Here’s a summary of the FDA drug approval process discussed thus far.
Other Relevant Drug Development Concepts
Drug Master File
A Drug Master File (DMF) is a submission to the FDA used to provide confidential, detailed information about facilities, processes, or articles used in the manufacturing, processing, packaging, and storing of a human drug.
Drugs for Pediatric Use
Drugs for pediatric use are intended for use in children or youth, generally under the age of 21. In some cases, the American Academy of Pediatrics (AMA) may make exceptions if a pediatrician and family agree on an older age adult.
Drugs for Veterinary Use
Drugs for veterinary use are intended for use in animals, pets, and livestock. However, some veterinary drugs get their start in humans and then change to human and animal drugs.

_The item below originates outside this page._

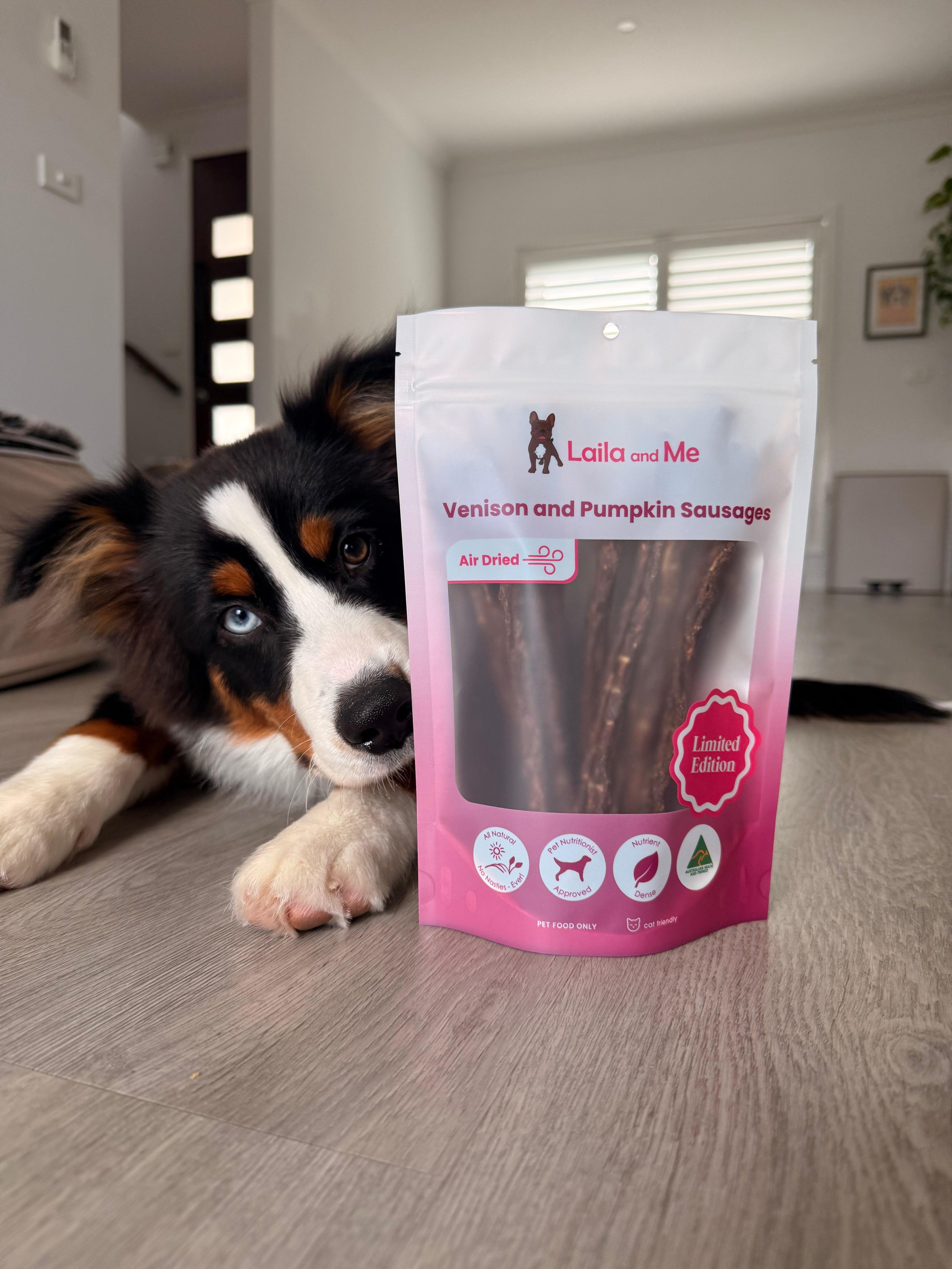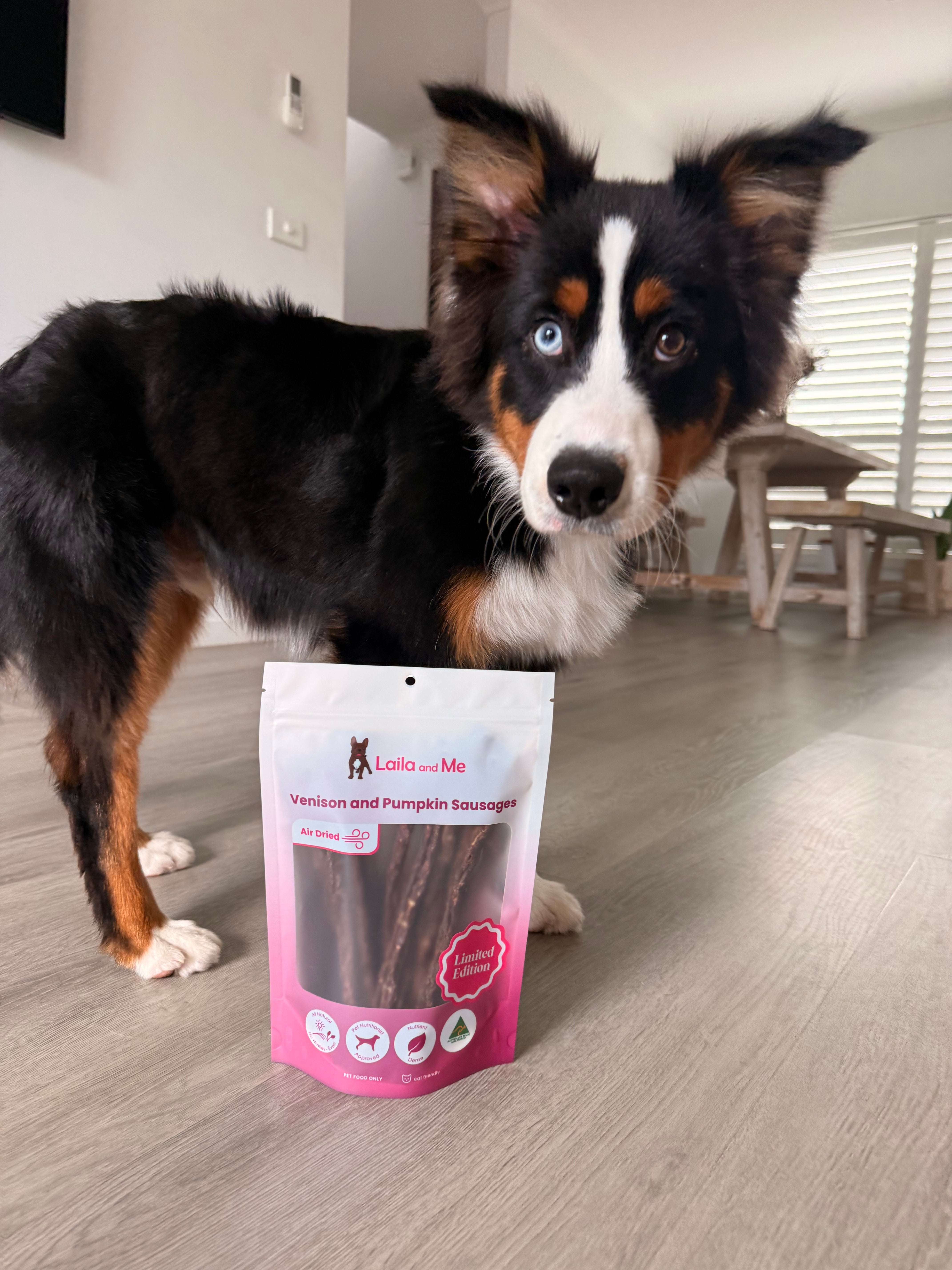 About our Gently Air-Dried Venison and Pumpkin Sausages Treat: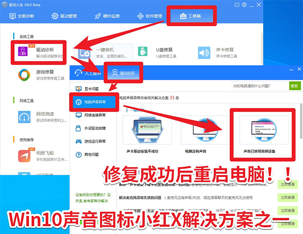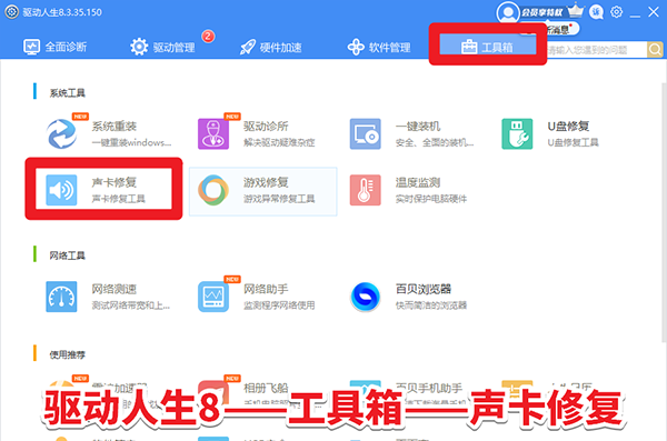 打开驱动人生海外版——点击声卡驱动右侧的工具箱——声卡修复工具——一键修复声卡问题。

Small Molecule vs. Biologics
Small molecules have a variety of applications or biological functions. Large molecules (also called biologics) are proteins with a therapeutic effect. Small molecules work by cell signaling. Large molecule drugs are complex and may be composed of over 1,300 amino acids. They are identical versions of human proteins.
Process Scale-up Differences & Difficulties
Drug development involves generating progressively larger medicine batch sizes, and changes in processes for different-sized batches may cause unexpected difficulties. Use of the right pharmaceutical equipment can be helpful, as well as the discovery of parameters that affect critical process parameters (CPPs).
New drug development is a highly regulated, complicated process that requires specialists and intense research and development skill sets in the medical research community. All regulations and safety indications must be observed carefully, and human and animal clinical trials subjects treated professionally and with the utmost care. The goal of drug development is to prevent human and animal pain and suffering whenever possible and find and provide new drugs that we can depend on to improve our health and happiness.
Lastly, what do Sheryl Crow, Lance Armstrong, and Robert De Niro have in common? They are all among the lucky ones who survived the deadly disease cancer. There’ll be thousands in the year 2018 alone who wouldn’t be as fortunate, though. An estimated 1.74M+ new cancer cases will be diagnosed, and 600k+ cancer deaths would be reported. All of us in the life sciences sector can’t rest on our laurels and must continue innovating faster to find a cure for this nemesis of humanity.